If the foci of the ellipse \[\frac{x^2}{16} + \frac{y^2}{b^2} = 1\] and the hyperbola \[\frac{x^2}{144} - \frac{y^2}{81} = \frac{1}{25}\] coincide, write the value of b².

Answer 1

Equation of the hyperbola:

\[\frac{x^2}{144} - \frac{y^2}{81} = \frac{1}{25}\]

Simplifying the above equation, we get:

\[\frac{25 x^2}{144} - \frac{25 y^2}{81} = 1\]

\[ \Rightarrow \frac{x^2}{\frac{144}{25}} - \frac{y^2}{\frac{81}{25}} = 1\]

\[ \Rightarrow \frac{x^2}{\left( \frac{12}{5} \right)^2} - \frac{y^2}{\left( \frac{9}{5} \right)^2} = 1\]

This is the standard form of hyperbola with \[a = \frac{12}{5}\] and  \[b = \frac{9}{5}\].

Eccentricity of the hyperbola, \[e = \frac{\sqrt{\left( \frac{12}{5} \right)^2 + \left( \frac{9}{5} \right)^2}}{\frac{12}{5}}\]

                                                     \[ = \frac{15}{12}\]

The foci of the hyperbola are of the form 

\[\left( ae, 0 \right)\] and \[\left( - ae, 0 \right)\].

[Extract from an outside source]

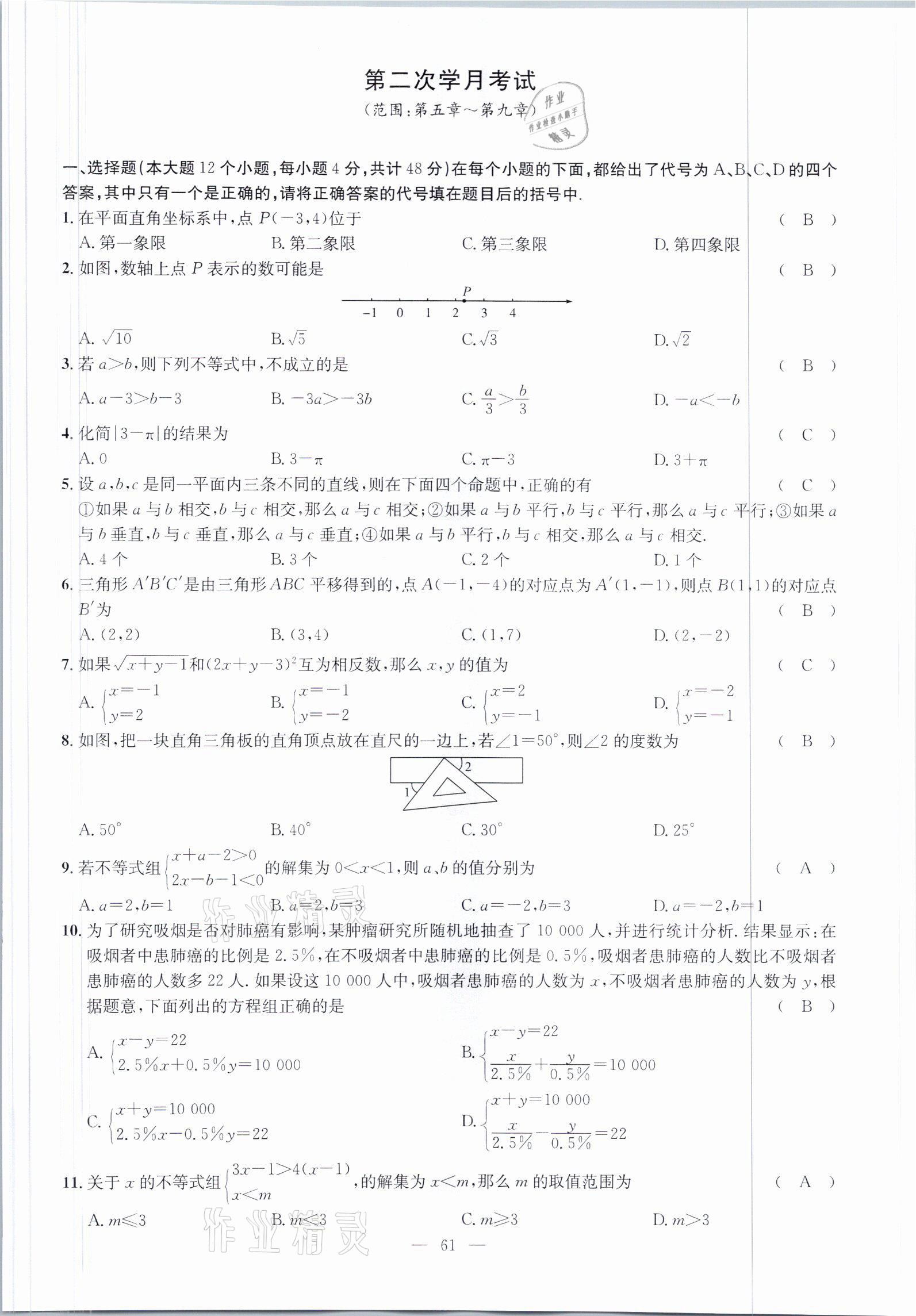 注:目前有些书本章节名称可能整理的还不是很完善,但都是按照顺序排列的,请同学们按照顺序仔细查找。练习册 2021年锋芒文化名校金卷七年级数学下册人教版重庆专版 答案主要是用来给同学们做完题方便对答案用的,请勿直接抄袭。

So, foci of the hyperbola are  \[\left( 3, 0 \right)\] and  \[\left( - 3, 0 \right)\] .

The foci of the hyperbola coincide with the foci of the ellipse.
For ellipse, \[a = 4\]

Using the relation \[\sqrt{a^2 - b^2} = ae\], we get:

\[\sqrt{4^2 - b^2} = 3\]

\[ \Rightarrow 16 - b^2 = 9\]

\[ \Rightarrow b^2 = 7\]

Therefore, the value of \[b^2\] is 7.